*How to complete this task*
Restate all data exactly. No images.

*Data section*
++++++++++

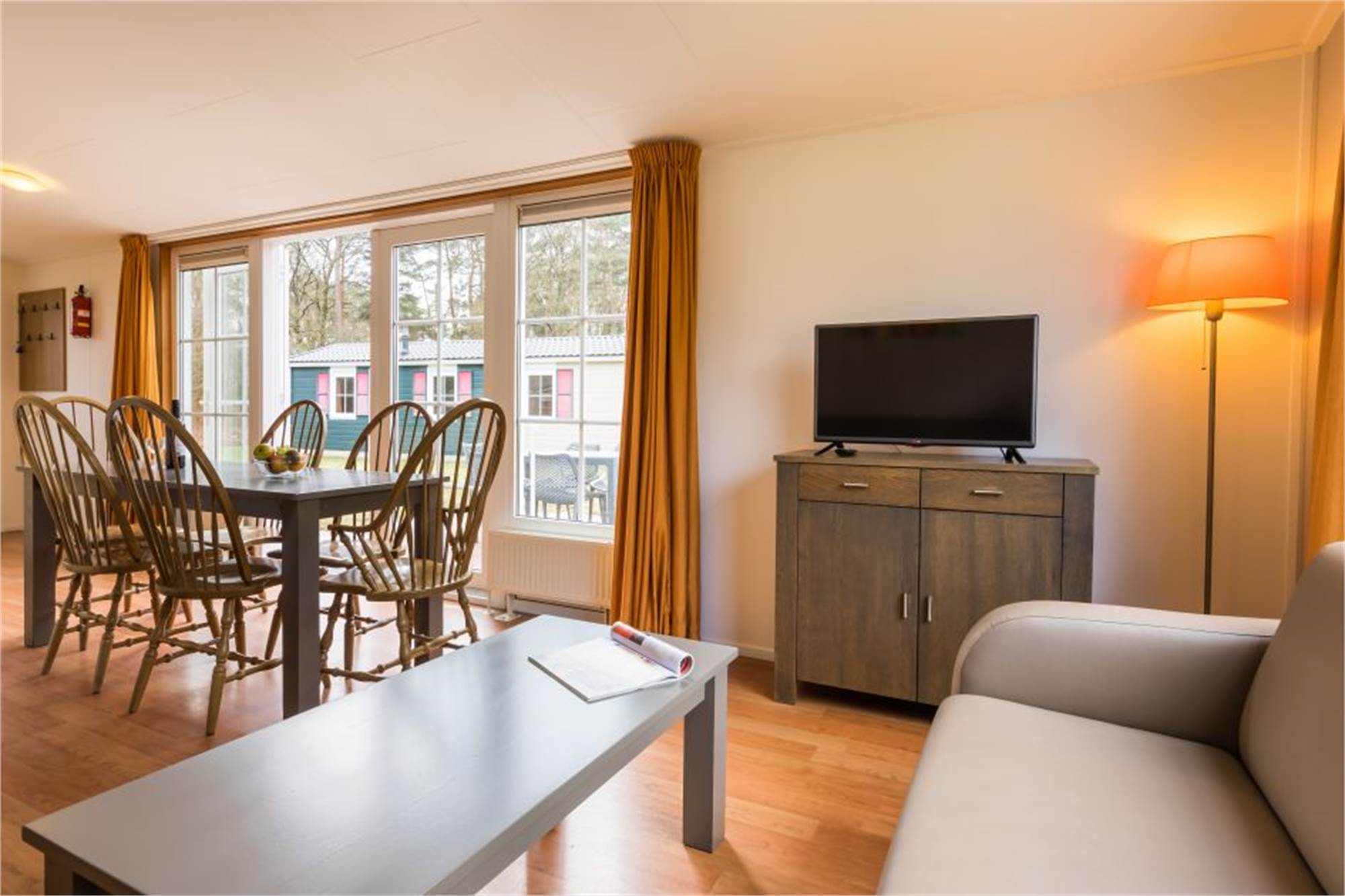 This detached chalet is suitable for 6 people. The living room has a separate dining area and in the kitchen you will find a combination microwav and a filter coffee machine among other things. In addition, there are 3 bedrooms each with 2 single beds and a bathroom with shower and a separate toilet. The chalet is also equipped with a furnished terrace and free Wi-Fi is available.
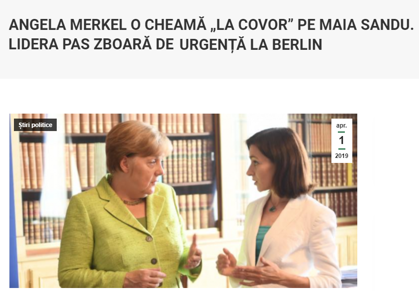 3. Portalul nostru de știri Telegraph.md a scris că „Angela Merkel a chemat-o de urgență pe Maia Sandu la covor”. Scopul plecării liderii PAS la Berlin ar fi pentru a primi indicații cu cine sa facă alianță blocul ACUM în Parlament. (vezi sursa)
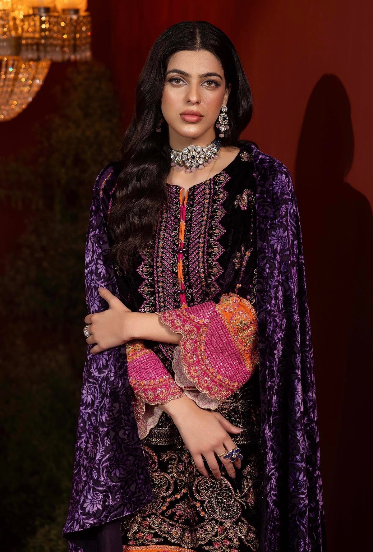 Embroidered Velvet Front 0.8 MTREmbroidered Velvet Back0.8 MTREmbroidered Velvet Sleeves 0.66 MTRPlachi Velvet Shawl 1 PCDyed Raw Silk Trousers 2.5 Yard

++++++++++

*Response area*
 This detached chalet is suitable for 6 people. The living room has a separate dining area and in the kitchen you will find a combination microwav and a filter coffee machine among other things. In addition, there are 3 bedrooms each with 2 single beds and a bathroom with shower and a separate toilet. The chalet is also equipped with a furnished terrace and free Wi-Fi is available.
 3. Portalul nostru de știri Telegraph.md a scris că „Angela Merkel a chemat-o de urgență pe Maia Sandu la covor”. Scopul plecării liderii PAS la Berlin ar fi pentru a primi indicații cu cine sa facă alianță blocul ACUM în Parlament. (vezi sursa)
 Embroidered Velvet Front 0.8 MTREmbroidered Velvet Back0.8 MTREmbroidered Velvet Sleeves 0.66 MTRPlachi Velvet Shawl 1 PCDyed Raw Silk Trousers 2.5 Yard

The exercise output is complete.